_Required action:_
Using the listing below, give again exactly the lines from the line with "Summary: This paper" to the line with "Alliés (printemps 1944).", inclusive, without the pictures.

_Extracted material:_

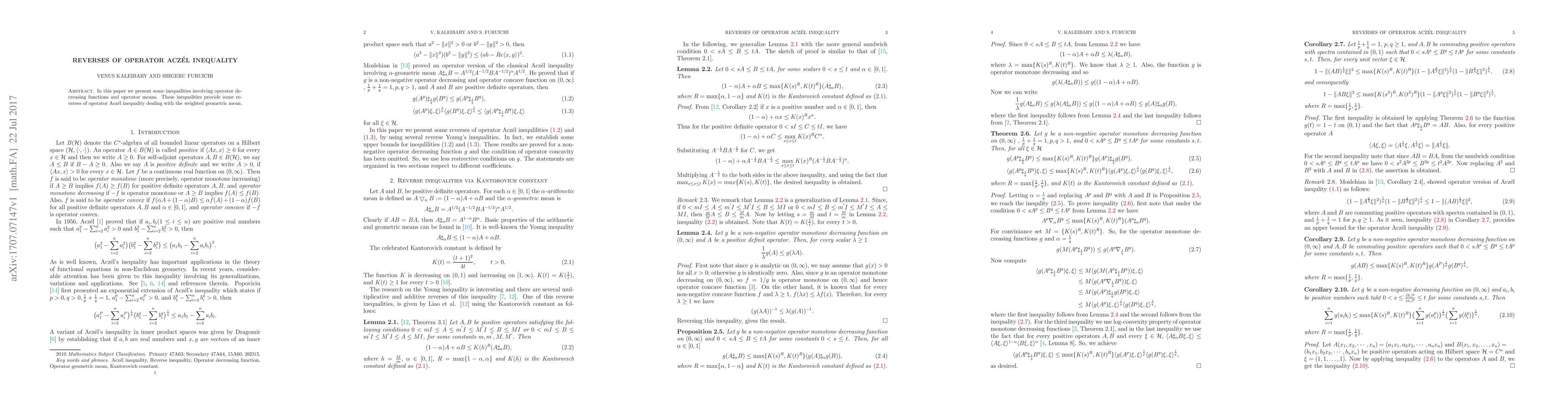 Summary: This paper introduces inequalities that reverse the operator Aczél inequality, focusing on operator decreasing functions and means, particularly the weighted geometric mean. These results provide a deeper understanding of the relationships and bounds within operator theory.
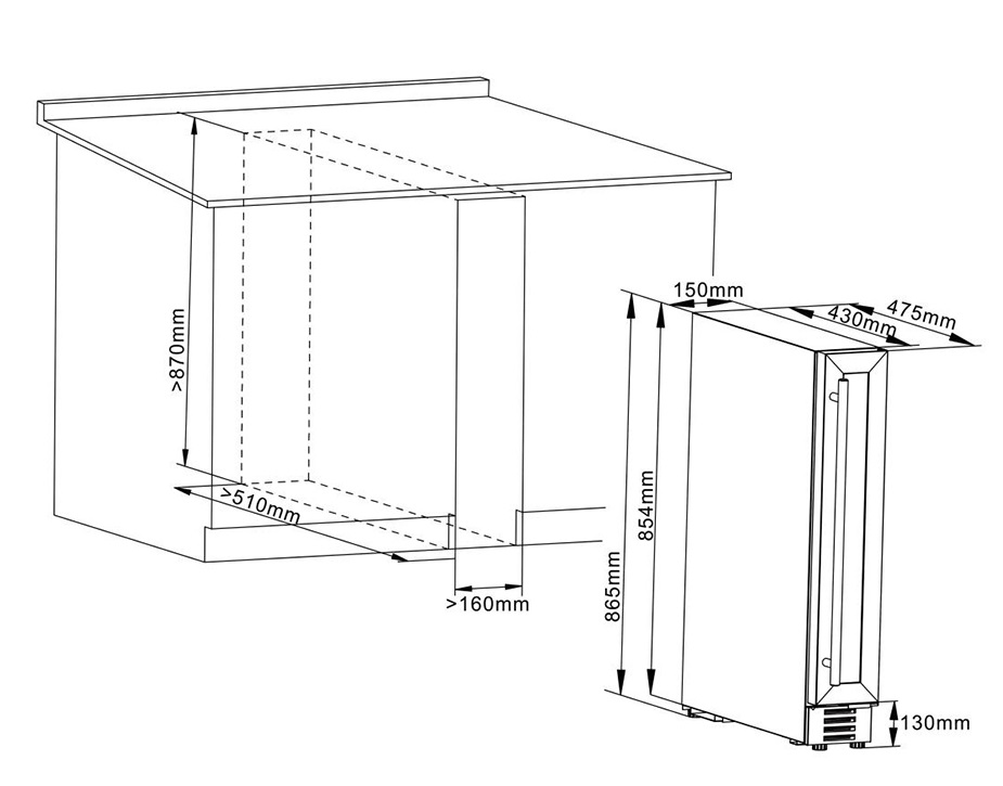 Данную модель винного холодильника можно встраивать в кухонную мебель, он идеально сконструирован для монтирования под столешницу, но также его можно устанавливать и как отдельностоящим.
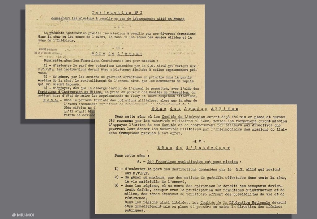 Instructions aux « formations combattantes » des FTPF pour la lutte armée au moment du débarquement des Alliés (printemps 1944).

---

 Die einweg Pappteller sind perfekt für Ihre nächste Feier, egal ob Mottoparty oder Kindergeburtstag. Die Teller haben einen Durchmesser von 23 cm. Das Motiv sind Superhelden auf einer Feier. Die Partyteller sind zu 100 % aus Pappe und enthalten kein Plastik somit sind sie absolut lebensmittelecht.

_Solved exercise:_
 Summary: This paper introduces inequalities that reverse the operator Aczél inequality, focusing on operator decreasing functions and means, particularly the weighted geometric mean. These results provide a deeper understanding of the relationships and bounds within operator theory.
 Данную модель винного холодильника можно встраивать в кухонную мебель, он идеально сконструирован для монтирования под столешницу, но также его можно устанавливать и как отдельностоящим.
 Instructions aux « formations combattantes » des FTPF pour la lutte armée au moment du débarquement des Alliés (printemps 1944).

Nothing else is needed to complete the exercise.